I know of one small group in a faith congregation that has approached leaders of other faiths in an attempt to think hard together and to speak softly together to those who govern. State governors have spoken for their people, saying, give us the children; let them not return to offshore detention. Dr David Isaacs blew a whistle on his return from offshore that mobilised doctors and nurses at Melbourne’s Royal Children’s Hospital and now at Lady Cilento in Brisbane. The RCH refuses to discharge child patients to places of detention. We must understand that for what it is: the RCH is not some Marxist commune, not a place of sedition. It is rather an emblem in the state of Victoria. It stands for the highest skill and care. When the RCH speaks it carries Victoria.
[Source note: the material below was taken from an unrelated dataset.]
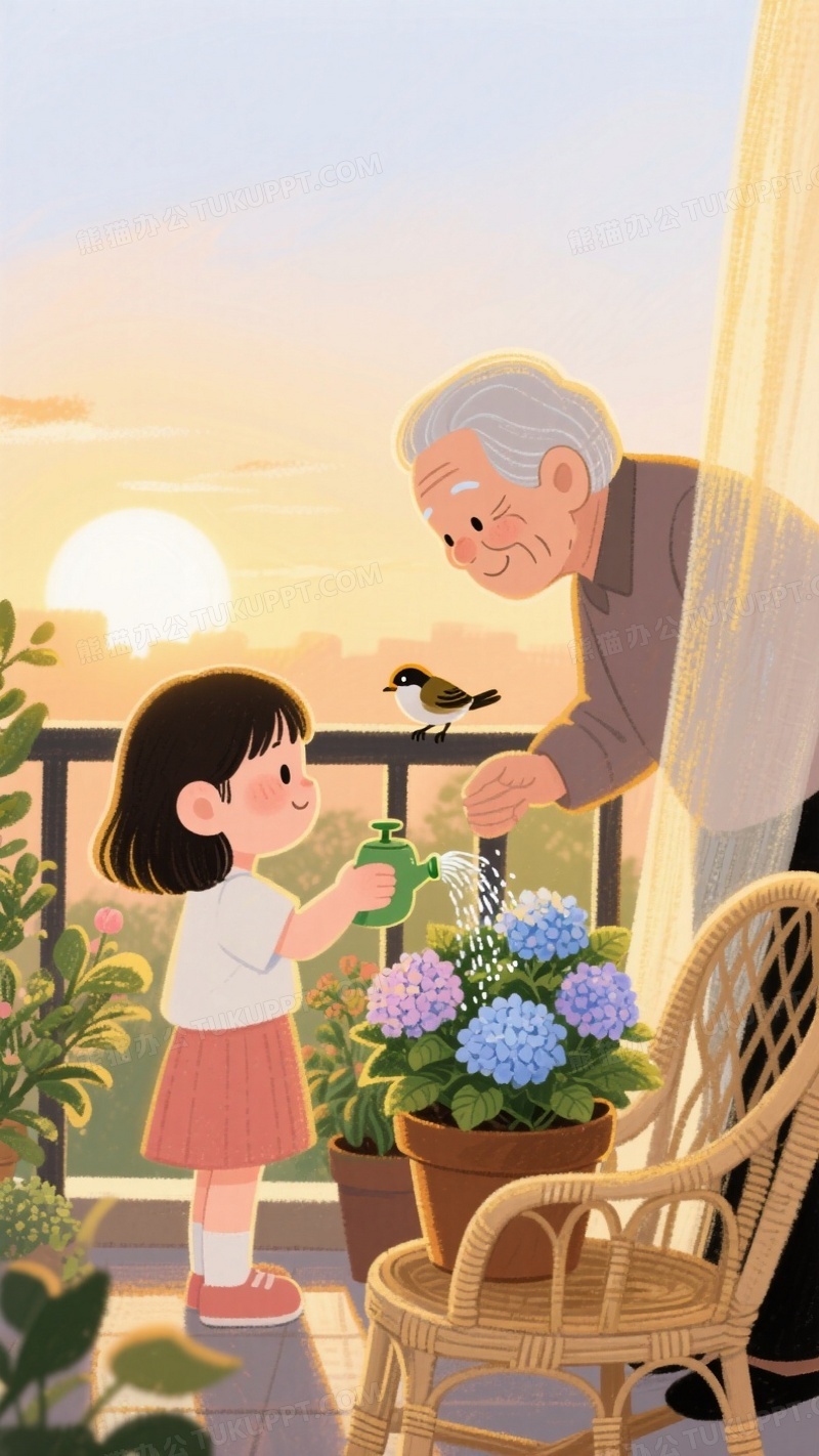 本作品内容为温馨夕阳场景插画祖孙二人打理阳台绿植, 格式为 jpg, 大小1 MB, 图片尺寸为936 x 1664, 源文件无水印, 欢迎使用熊猫办公。 如认为平台内容涉嫌侵权,可通过邮件:tousu@tukuppt.com提出书面通知,我们将及时处理。
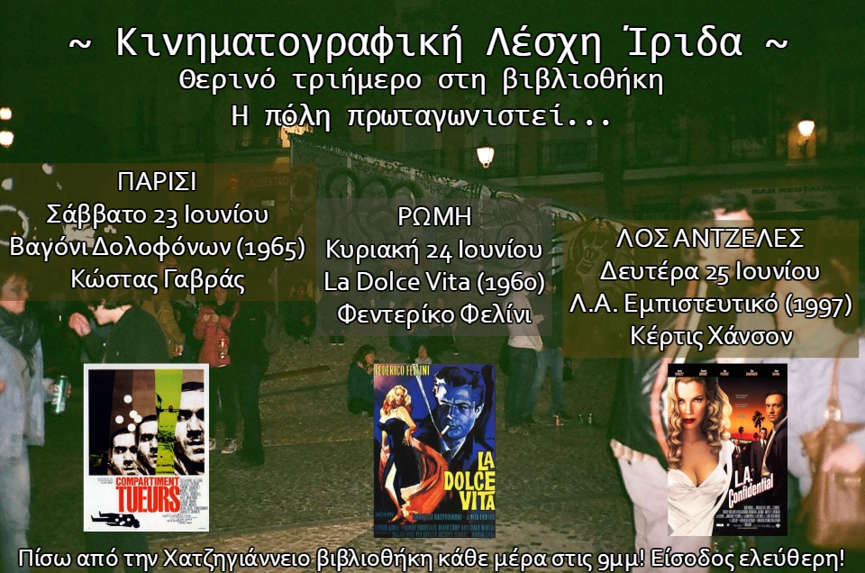 Το Σάββατο 23 Ιουνίου θα προβληθεί η ταινία "Βαγόνι δολοφόνων" του Κώστα Γαβρά (Παρίσι 1965), την Κυριακή 24 Ιουνίου θα προβληθεί η ταινία ”La dolce vita” του Φεντερίκο Φελίνι (Ρώμη 1960) και τη Δευτέρα 25 Ιουνίου η ταινία «Λ.Α. εμπιστευτικό» του Κέρτις Χάνσον (Λος Άντζελες 1997).

None gainsays its voice or its acts.

So, what to do? Think hard, confer, suggest, bring ideas to government. One idea, hardly original, strikes me as promising: let Australia progressively divert funds, currently used for offshore detention, towards a respectable, respectful supra-national staging and assessment process in south Asia. There we would maintain accessible, supportive consular representation. No-one would need to board a leaky boat, no-one would need to jump a queue, no human person would come to Australia and be called by a SIEV number. Our brothers and sisters would arrive with their own names.

We might save money, we might not. Neither governments nor we the governed see these issues in money terms: governments never count the cost when augmenting our cruelties; and we bleeding hearts never count beans. No, these issues are strangely unmonetised. The people of Australia hanker quietly to regain some self-respect.

Respectful policies will save lives. We might save our souls.

Do you have a better idea? Work on it, tell your minister of religion, your minister of the crown, the playgroup mothers, the neighbours. Governments need to follow. It is up to us to lead. We won’t save everyone, but we can hardly do worse than we do at present.